Without any pictures, retype exactly the lines from the one with "a shining sun." through the final line of the records.

--- Source information Enclosed Below ---

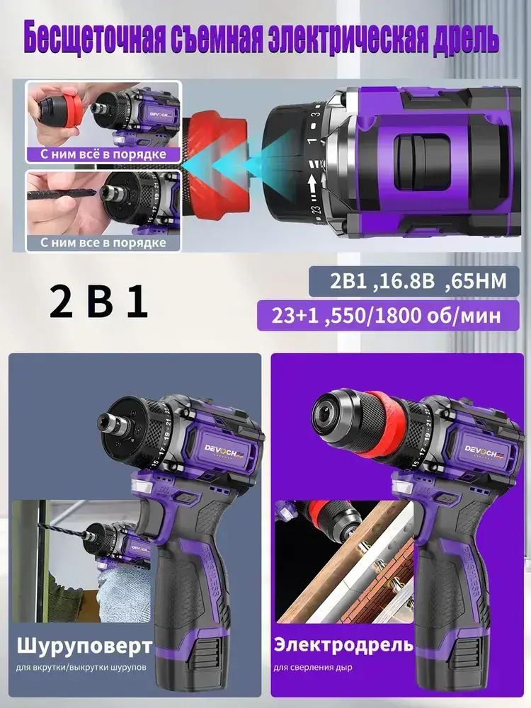 Шуруповерт бесщеточный,16.8В,65Нм,2АКБ,2.0Ач,шуруповерт аккумуляторный бесщеточный
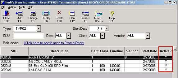 In the Promotion File, an item on an active TVR promotion will have a "Y" in the "Active" column.
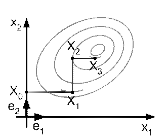 Достоинство метода: простой алгоритм, по которому на каждом этапе производится оптимизация только по одной переменой при фиксированных значениях остальных. При этом могут использоваться различные методы одномерной оптимизации по одной переменной, в том числе и метод перебора.
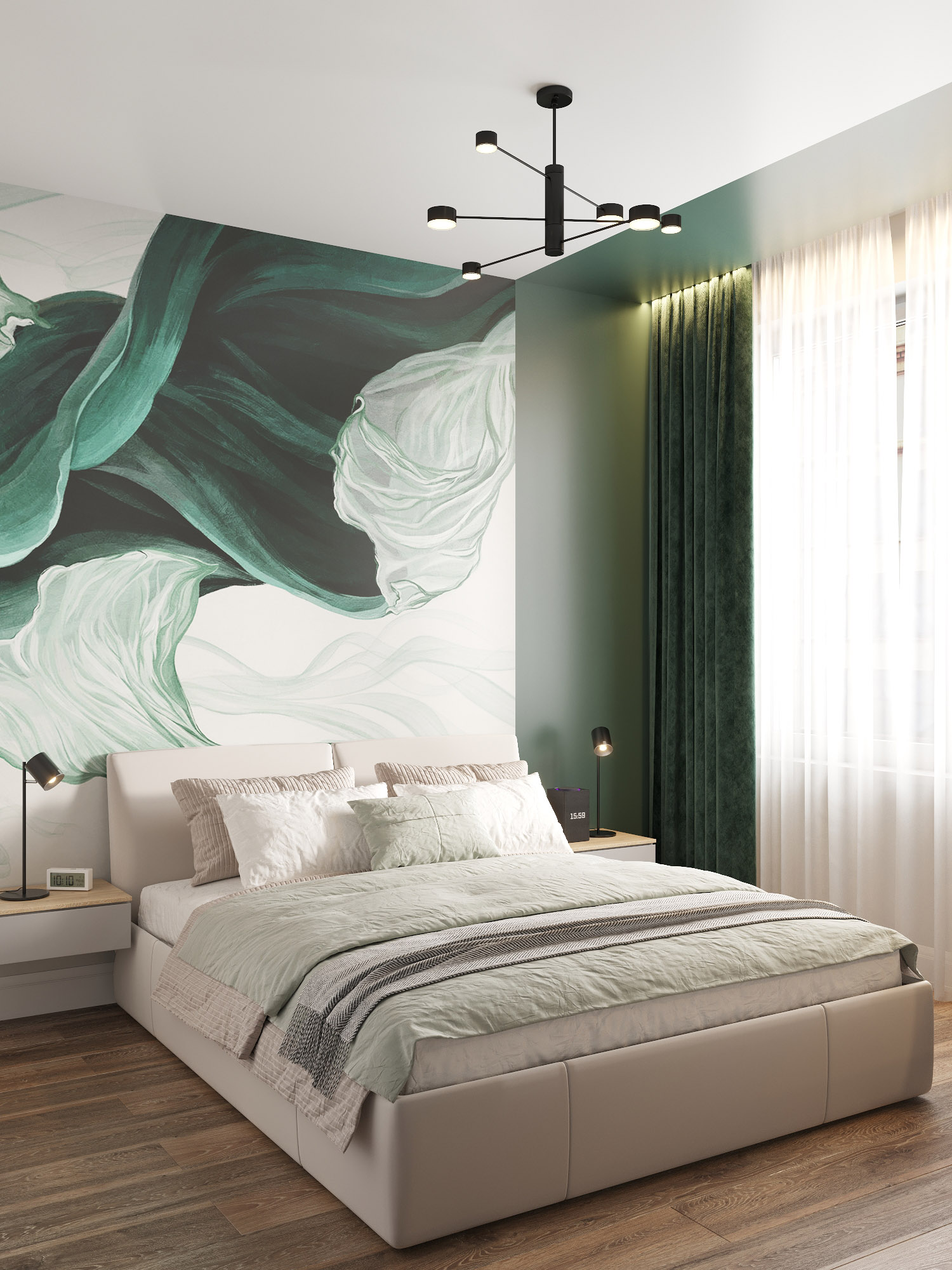 Спальня 13,7 м² для семьи из двух человек. Обои из коллекции «Breeze». Вдохновленные невесомостью тканей в квартире на побережье Каспийского моря, они соберут отличную концепцию интерьера, в котором текстиль дополняет пространство, собирая картинку в единое целое, пропуская в помещение воздух и наделяя его лёгкостью.
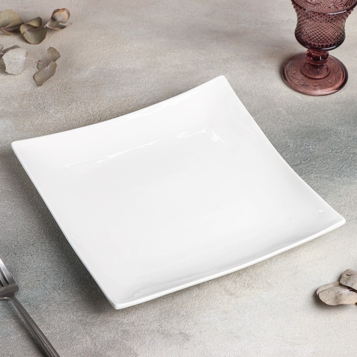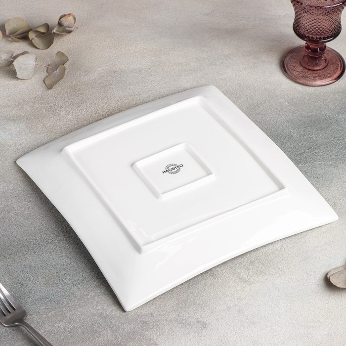 Блюдо фарфоровое для подачи Magistro «Квадрат Бланш», d=26 см, цвет белый
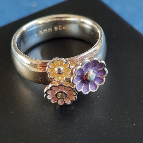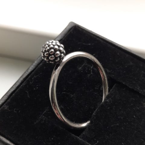 SØD SØLVRING 925.SPJ. MED LILLE LYSLILLA STEN OG MØNSTER PÅ RINGSKINNE !!
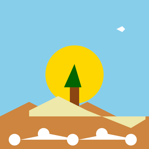 // Drawing a beautiful island with a palm tree and a shining sun.
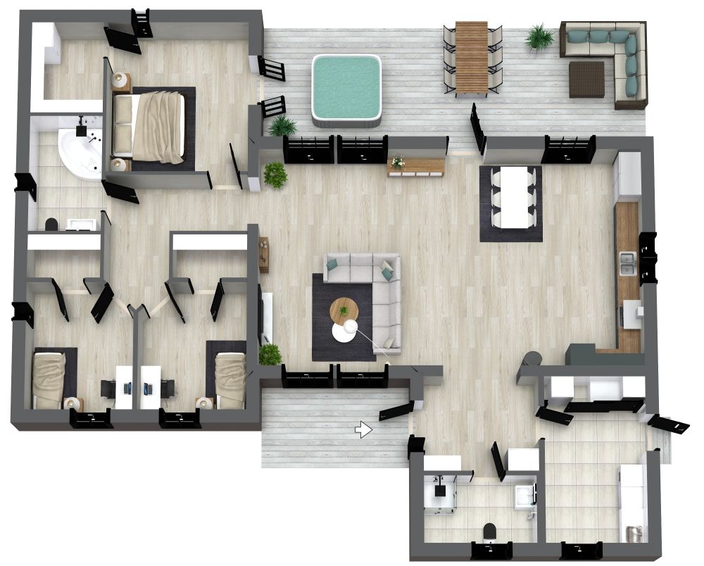 The grouped bedroom layout is one of the popular features in this Lunden 158 floor plan. A front porch leads into the entry foyer, complete with a closet, convenient ¾ bathroom, and a sizable laundry room. The expansive great room, with its L-shaped kitchen, allows for virtually unlimited furniture arrangements. Several large windows and a glass door, designed to maximize views, overlook the spacious deck and backyard. On the left side of the plan, the generous primary bedroom features a large walk-in closet and french doors to the back deck. Nearby, a shared bathroom treats you to a luxurious oversized soaking tub. Furnish the two adjacent secondary bedrooms with large built-in closets according to your needs: they could be perfect for kids, guests, a workout room, or an office.
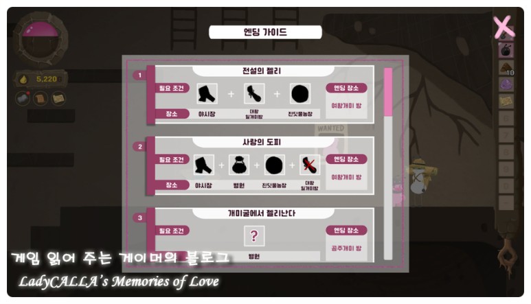 친절하게 최종 엔딩 12개에 대해서는 어느 장소에서 엔딩을 볼 수 있고 어떤 아이템들이 필요한지에 대한 힌트가 담겨 있는 '엔딩 가이드'까지 게임 내에서 제공해 주고 있기 때문에,

--- End of Enclosed Source information ---

- **Answer for the task**
 // Drawing a beautiful island with a palm tree and a shining sun.
 The grouped bedroom layout is one of the popular features in this Lunden 158 floor plan. A front porch leads into the entry foyer, complete with a closet, convenient ¾ bathroom, and a sizable laundry room. The expansive great room, with its L-shaped kitchen, allows for virtually unlimited furniture arrangements. Several large windows and a glass door, designed to maximize views, overlook the spacious deck and backyard. On the left side of the plan, the generous primary bedroom features a large walk-in closet and french doors to the back deck. Nearby, a shared bathroom treats you to a luxurious oversized soaking tub. Furnish the two adjacent secondary bedrooms with large built-in closets according to your needs: they could be perfect for kids, guests, a workout room, or an office.
 친절하게 최종 엔딩 12개에 대해서는 어느 장소에서 엔딩을 볼 수 있고 어떤 아이템들이 필요한지에 대한 힌트가 담겨 있는 '엔딩 가이드'까지 게임 내에서 제공해 주고 있기 때문에,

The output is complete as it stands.